(1) Field of the Invention
The present invention relates to a composite wear-resistant member that has high hardness and density and contains super-hard particles (e.g. diamond particles or cubic boron nitride (cBN) particles) and, more particularly, to composite wear-resistant member that is excellent in heat and pressure shock-resistant characteristics, and a method of manufacturing the same.
(2) Description of related art
Hard metals are generally used for wear-resistant tools as in petroleum drilling due to high toughness and wear resistance. Recently, composite materials (e.g. polycrystalline diamond compacts (PDC)) joining a diamond composite material to the hard metal under very high pressure at high temperature have been frequently used.
These sintered compacts containing diamond particles are manufactured under very high pressure at high temperature. However, a method of manufacturing a sintered compact of diamond, tungsten carbide (WC), and ferrous metal under low pressure rather than high pressure has recently studied (JP-B2-3309897 and WO2006-080302A1 (U.S. Pat. No. 7,637,981)).

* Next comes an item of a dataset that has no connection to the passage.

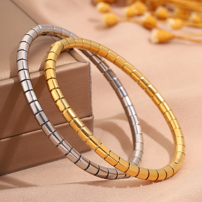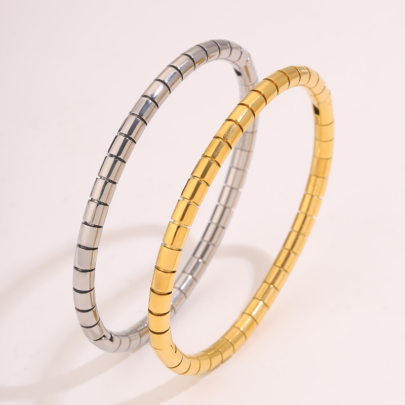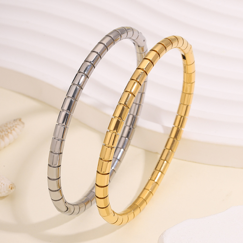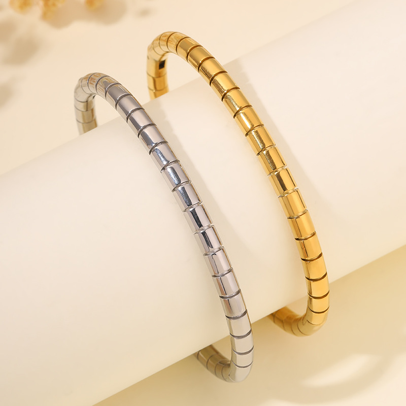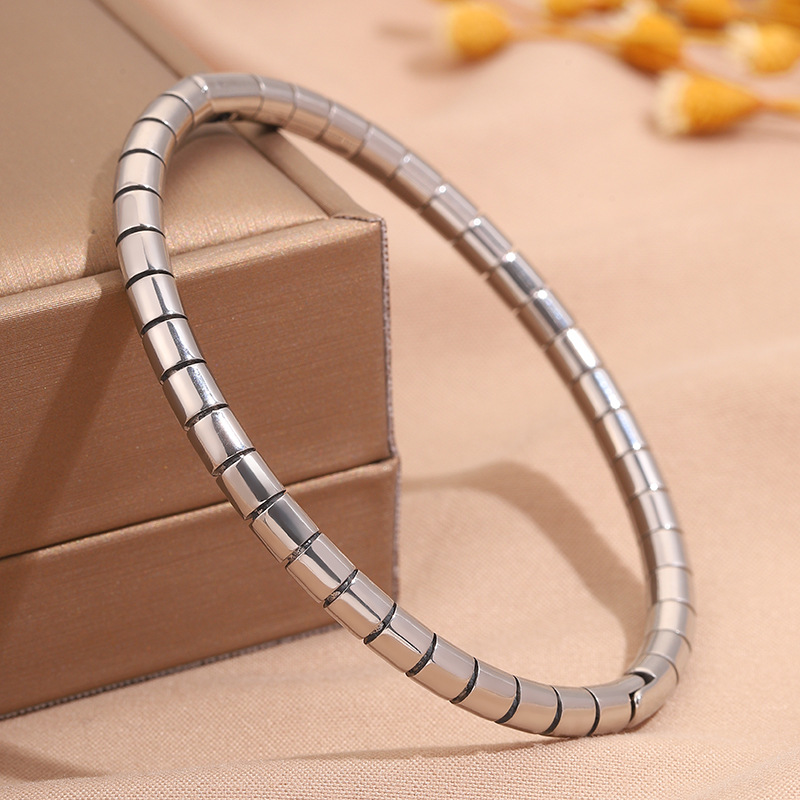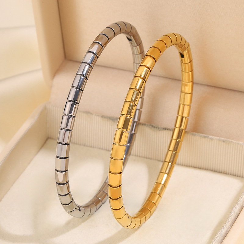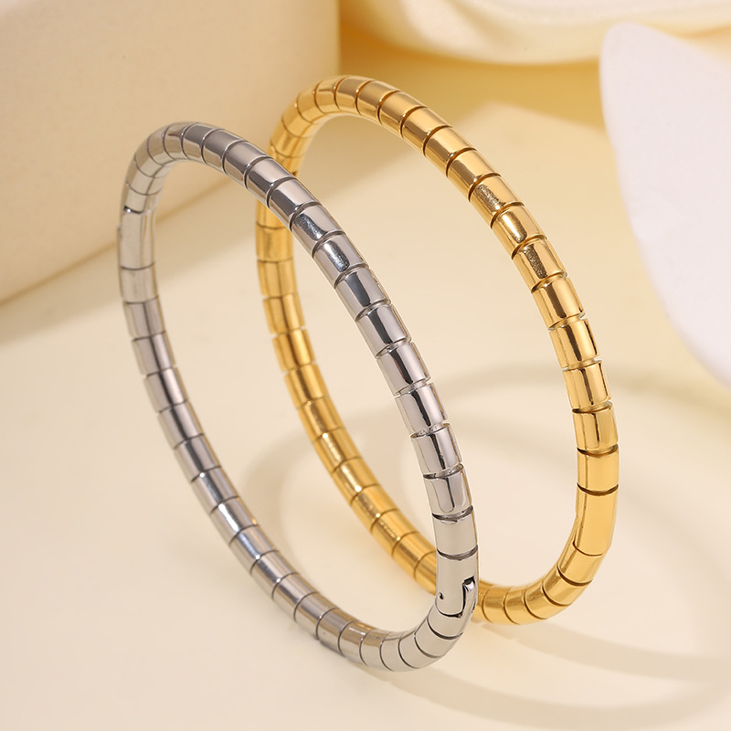 2023 새로운 국경 간 폭발 스테인레스 스틸 라운드 뱀 대나무 팔찌 도매 조커 통근 패션 성격 여자 친구를 보내스토어 가기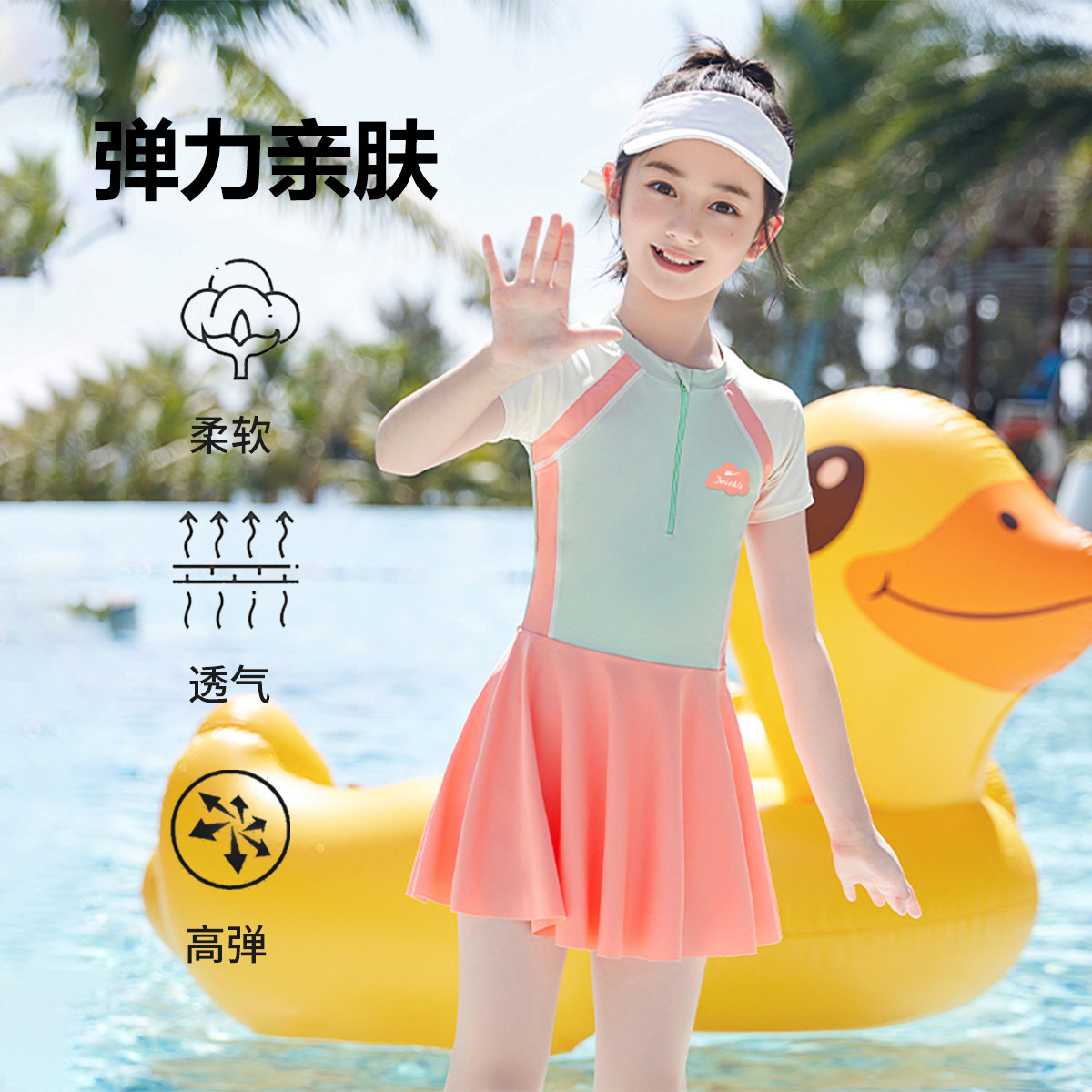 泳衣女童舒适亲肤夏季游泳衣可爱连体连衣温泉泳衣海边沙滩游泳衣 592915

However, all the diamond composite materials whether the PDCs manufactured under very high pressure or the diamond composite materials manufactured under low pressure have a fundamental problem in that cracks or defects may occur due to shock caused by heat or pressure.
To overcome this problem, various attempts have been made (U.S. Pat. Nos. 5,119,714, 4,604,106, 4,525,178, 4,694,918 and JP-A-9-194909). Although some effects are recognized, the inventions disclosed in these documents do not yet provide a fundamental means that has many countermeasures against the stress of joints and prevents generation and propagation of distortion caused by shock by reinforcing the material itself.